Avec un montant avoisinant les 1,8 milliard de dollars à la fin du premier trimestre 2026, la dette flottante du Cameroun atteint un niveau record. Ce stock d’arriérés intérieurs, qui regroupe les dettes non honorées dans les délais auprès des entreprises locales et des prestataires, met en lumière les tensions persistantes entre les engagements de l’État et sa capacité réelle à honorer ses obligations financières. À Yaoundé, cette situation relance les interrogations sur l’efficacité de la gestion budgétaire et les marges de manœuvre disponibles dans un contexte où les financements extérieurs se raréfient.
Un mécanisme de financement déguisé qui pèse sur l’économie locale
La dette flottante camerounaise n’est pas un simple indicateur comptable : elle fonctionne comme un levier de trésorerie pour l’État. En reportant le règlement de ses dettes, le Trésor public maintient un équilibre précaire de ses comptes, mais au prix d’un transfert de charge vers le secteur privé. Cette pratique, bien que courante dans l’espace CEMAC, asphyxie progressivement les entreprises locales, notamment les PME, qui peinent à honorer leurs propres engagements envers leurs fournisseurs et leurs banques.
Les conséquences se répercutent sur l’ensemble du système financier. Les banques camerounaises, exposées via des crédits accordés aux entreprises créancières de l’État, enregistrent une hausse des créances douteuses. La Beac et la Commission bancaire de l’Afrique centrale suivent de près cette dynamique, consciente des risques systémiques qu’elle engendre pour la stabilité financière de la région.

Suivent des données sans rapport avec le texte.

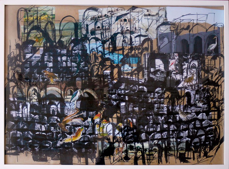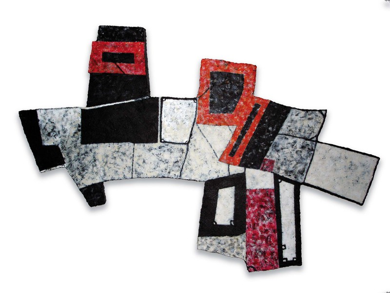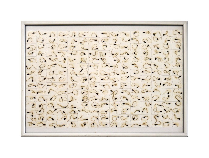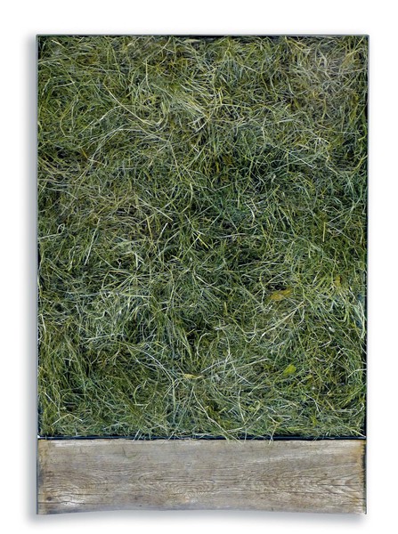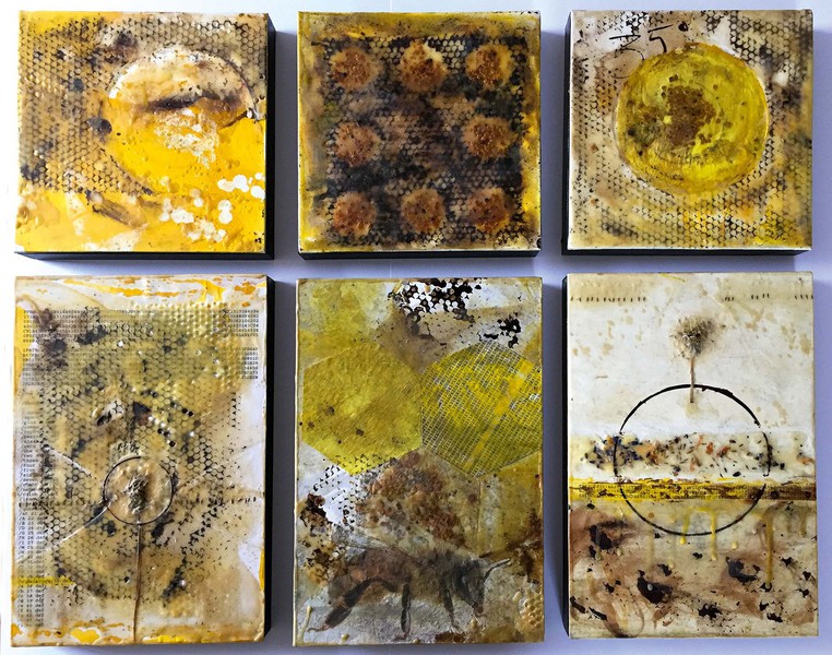 Die Sorge um das geheimnisvolle Artensterben mag ein Leitgedanke der sechsteiligen Arbeit von Ute Haselmaier sein, die mit duftendem Wachs, Honig, Blütenbestandteilen sowie der leitmotivisch wiederkehrenden Struktur der Bienenwaben ihre Collagen auf je drei quadratischen und drei hoch-rechteckigen »Bildern« gestaltet. Übergreifend ist als Leitfarbe ein leuchtendes Gelb verwendet, was im Kontrast zu Braun-Schwarz und Weiß einen warnenden Charakter annimmt. Aus dem Untergrund scheinen endlose Reihen von geheimnisvollen Zahl-Buchstaben-Kombinationen auf. Vielleicht eine Andeutung der bewunderten, weil als vollkommen geltenden Organisation der Welt eines Bienenvolks, die eine Ahnung von der Schönheit und Vollkommenheit des Paradieses geben könnte. Ein Hauch der Trauer über den befürchteten Verlust liegt über den sechs Täfelchen, die den Bienen, und damit einem wichtigen Bestandteil der Schöpfung, ein Denkmal setzen.

Un défi pour la crédibilité des engagements internationaux
La publication de ce chiffre intervient alors que le Cameroun négocie activement avec le Fonds monétaire international et cherche à mobiliser des ressources sur les marchés régionaux. Pourtant, la persistance de la dette flottante envoie un signal négatif aux bailleurs de fonds, qui y voient une preuve de dysfonctionnements structurels dans la gestion des dépenses publiques. Ce phénomène, au même titre que la dette publique officielle, est scruté de près par les partenaires multilatéraux et multilatéraux.

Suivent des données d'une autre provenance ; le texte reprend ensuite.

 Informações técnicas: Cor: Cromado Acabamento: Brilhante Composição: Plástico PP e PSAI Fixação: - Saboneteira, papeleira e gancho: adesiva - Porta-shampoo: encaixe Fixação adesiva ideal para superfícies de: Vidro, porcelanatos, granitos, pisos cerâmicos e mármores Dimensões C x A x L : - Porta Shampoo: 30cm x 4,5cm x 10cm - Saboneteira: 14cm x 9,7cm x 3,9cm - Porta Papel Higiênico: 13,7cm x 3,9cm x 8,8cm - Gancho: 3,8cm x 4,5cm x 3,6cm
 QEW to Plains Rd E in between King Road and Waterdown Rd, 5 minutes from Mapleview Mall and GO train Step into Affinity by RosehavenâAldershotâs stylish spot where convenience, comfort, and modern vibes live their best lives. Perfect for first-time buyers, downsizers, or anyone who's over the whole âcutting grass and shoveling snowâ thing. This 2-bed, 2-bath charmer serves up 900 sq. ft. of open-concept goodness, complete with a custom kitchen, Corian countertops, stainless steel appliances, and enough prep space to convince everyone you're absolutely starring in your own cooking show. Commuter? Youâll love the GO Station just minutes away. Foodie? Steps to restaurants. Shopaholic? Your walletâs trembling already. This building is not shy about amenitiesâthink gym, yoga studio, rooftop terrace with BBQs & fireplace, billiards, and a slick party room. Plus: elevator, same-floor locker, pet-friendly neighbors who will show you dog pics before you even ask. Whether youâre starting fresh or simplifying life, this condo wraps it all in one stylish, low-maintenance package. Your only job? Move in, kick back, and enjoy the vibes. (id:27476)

Les tentatives d’apurement menées par le passé ont montré leurs limites : les plans d’action n’ont pas permis de résorber durablement le stock d’arriérés, qui se reconstitue régulièrement. Les institutions comme la Banque mondiale et le FMI plaident depuis des années pour une réforme en profondeur, incluant un audit systématique des dettes en souffrance, une stricte limitation des engagements non budgétisés et une modernisation des outils de gestion financière publique.
Les répercussions sur le terrain : commandes publiques en berne et coûts en hausse
Au-delà des chiffres, la dette flottante freine l’économie réelle. Les entreprises, conscientes des retards de paiement, intègrent une marge de risque dans leurs devis, ce qui alourdit le coût des marchés publics. Certaines renoncent même à participer aux appels d’offres, réduisant la concurrence et, par ricochet, la qualité des prestations livrées. Le secteur des BTP, principal bénéficiaire des investissements publics, est particulièrement touché : retards sur les chantiers, contentieux en cascade et ralentissement des projets d’infrastructure illustrent les conséquences tangibles de cette situation.

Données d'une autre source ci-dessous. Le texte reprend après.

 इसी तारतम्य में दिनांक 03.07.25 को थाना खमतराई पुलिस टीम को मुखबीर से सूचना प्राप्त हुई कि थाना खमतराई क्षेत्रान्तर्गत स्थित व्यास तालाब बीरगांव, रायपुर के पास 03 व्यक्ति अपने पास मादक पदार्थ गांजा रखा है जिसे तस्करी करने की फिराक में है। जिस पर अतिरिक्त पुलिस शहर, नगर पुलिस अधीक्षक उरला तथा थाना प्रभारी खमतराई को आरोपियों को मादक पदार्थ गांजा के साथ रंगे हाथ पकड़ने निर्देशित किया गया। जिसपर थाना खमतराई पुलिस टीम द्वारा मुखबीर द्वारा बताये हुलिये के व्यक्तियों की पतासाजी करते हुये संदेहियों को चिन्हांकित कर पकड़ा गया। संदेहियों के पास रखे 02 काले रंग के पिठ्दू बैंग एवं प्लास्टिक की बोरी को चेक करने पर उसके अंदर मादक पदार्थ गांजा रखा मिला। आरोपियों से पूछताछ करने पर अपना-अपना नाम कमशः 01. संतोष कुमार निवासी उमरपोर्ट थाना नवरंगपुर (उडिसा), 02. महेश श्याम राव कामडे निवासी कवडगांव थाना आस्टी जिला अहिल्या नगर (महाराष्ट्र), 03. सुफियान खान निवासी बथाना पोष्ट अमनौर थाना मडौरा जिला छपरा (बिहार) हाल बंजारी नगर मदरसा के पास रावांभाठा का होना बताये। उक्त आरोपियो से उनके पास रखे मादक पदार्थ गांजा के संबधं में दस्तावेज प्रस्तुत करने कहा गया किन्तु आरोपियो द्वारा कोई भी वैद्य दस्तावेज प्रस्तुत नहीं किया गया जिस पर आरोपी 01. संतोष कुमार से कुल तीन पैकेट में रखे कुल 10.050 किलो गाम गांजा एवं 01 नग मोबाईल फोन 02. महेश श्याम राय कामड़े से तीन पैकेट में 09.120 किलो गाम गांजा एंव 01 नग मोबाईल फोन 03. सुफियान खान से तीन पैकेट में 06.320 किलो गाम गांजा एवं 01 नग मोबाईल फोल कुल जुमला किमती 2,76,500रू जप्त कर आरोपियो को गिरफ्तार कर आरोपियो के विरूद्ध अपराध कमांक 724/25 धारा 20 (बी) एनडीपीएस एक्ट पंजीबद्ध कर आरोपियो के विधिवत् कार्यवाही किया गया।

Les acteurs de la santé et de l’éducation subissent également les contrecoups de ces retards de paiement. Les perturbations dans les approvisionnements en médicaments ou en équipements scolaires s’ajoutent à la liste des préjudices causés par cette dette flottante, qui grignote progressivement la confiance des opérateurs économiques.
La question de la trajectoire reste entière. Malgré les engagements pris par le gouvernement camerounais pour ramener le stock d’arriérés à un niveau acceptable, les perspectives pour 2026 s’annoncent difficiles. La croissance économique modérée et la pression sur les recettes fiscales compliquent la donne. Sans une refonte en profondeur de la chaîne de la dépense, la dette flottante risque de s’imposer comme un marqueur récurrent de la fragilité budgétaire, alors que le Cameroun reste la première économie de la CEMAC.